Matthias Maier, security evangelist, Splunk
"It appears that Bad Rabbit creates three new scheduled tasks on a system, including a forced restart - by searching for this specific occurrence in monitored log data from endpoints, an organization will be able to identify patient zero earlier, and act to isolate the impact.

“The current situation with Bad Rabbit is once more a reminder of how important it has become for organizations in the digital age to have a skilled security team on standby, with the right technology in place to access the right information and take the right decisions quickly to avoid any business impact. A robust security strategy has become a competitive advantage.”
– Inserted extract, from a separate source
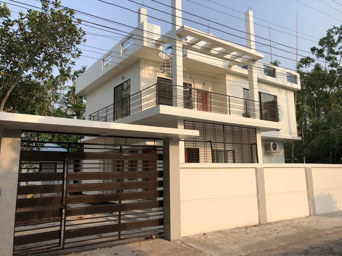 Relax with the whole family at this peaceful place to stay. Duplex building. Only GF 1200 Sft is usable .One bed boom with AC attached bath. others area is open where dining drowning and one bed. Microovene, refrigerator kitchen, Family food is available. Higher officials of Bank , NGO and Government organization is preferable . if any query pls contract with me directly ০১৭৩০৪৪৩১১১. Safely car parking inside the house
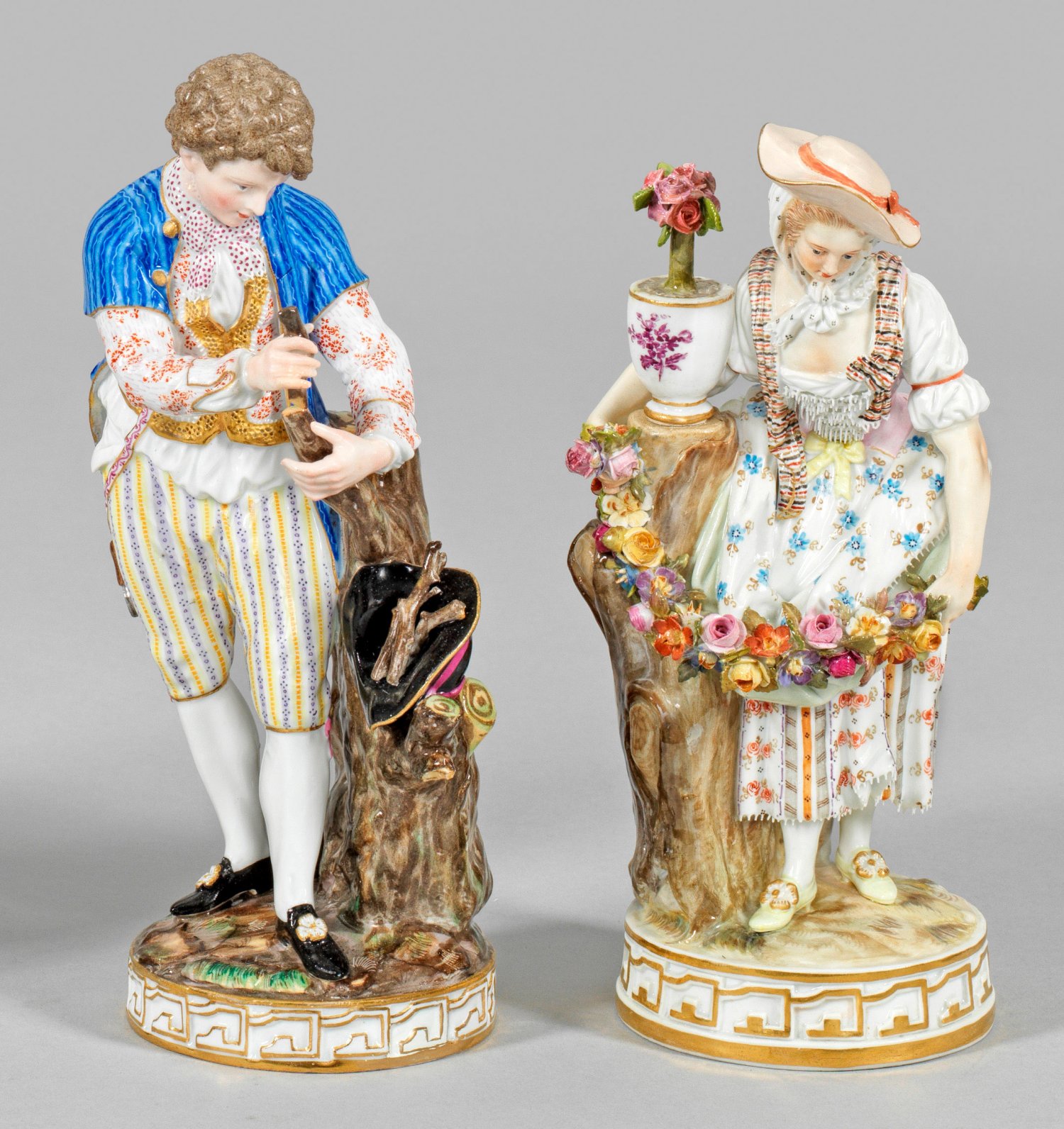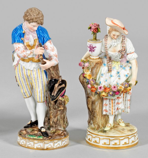 Auf rundem Terrainsockel mit reliefierter Ornamentbordüre stehender junger Herr beim Pfropfen eines Baumes bzw. junge Dame mit Blumengirlande und Rosentopf. Beide in sommerlicher Kleidung mit Spitzenputz. Polychrome Malerei mit Goldstaffage. Entw. Michel Victor Acier. Modell-Nr. F 69, F 69x. Unw. rest./best.; Schwertermarke. H. 17 cm - 18 cm.

Amichai Shulman, CTO, Imperva
"At the end of the day, all Ransomware is basically the same. Hackers via the ransomware malware are making files unavailable to users and as a consequence disrupt the operations. As long as the infection and effect of ransomware is constrained to endpoints, the damage to organizations should be minimal.

“Some might say – why after WannaCry and NotPetya are systems still unpatched? The issue of patching is irrelevant when looking at a potentially self-replicating malware like Bad Rabbit because in any large network there will be some unpatched devices. By protecting file servers (e.g. deploying File Firewall solutions) rather than focusing on endpoints organizations can minimize the effect of such incident and avoid disruption to business.”

"The issue of patching is irrelevant when looking at a potentially self-replicating malware like Bad Rabbit"

Nick Pollard, director, security & intelligence, Nuix: 
“What’s needed is a fresh approach in this escalating arms race. We need to place on each and every endpoint a means to prevent self-harm and block a user’s attempt (though very often inadvertent) to infect the machine and, by extension, the rest of the network. Relying on rapidly-outdated anti-virus definitions and operating system patches simply isn’t enough. Furthermore, we have to address the gap that exists between these traditional, and still necessary, defenses.

“The only way to win the cybersecurity war is to prevent the attack from happening in the first place. Organizations must change their security posture. Prevention needs to be at the forefront of any ransomware strategy. Since the endpoint is ground-zero for ransomware attacks, what organizations need is the ability to detect and put a stop to malicious behavior as early as possible in the kill chain.”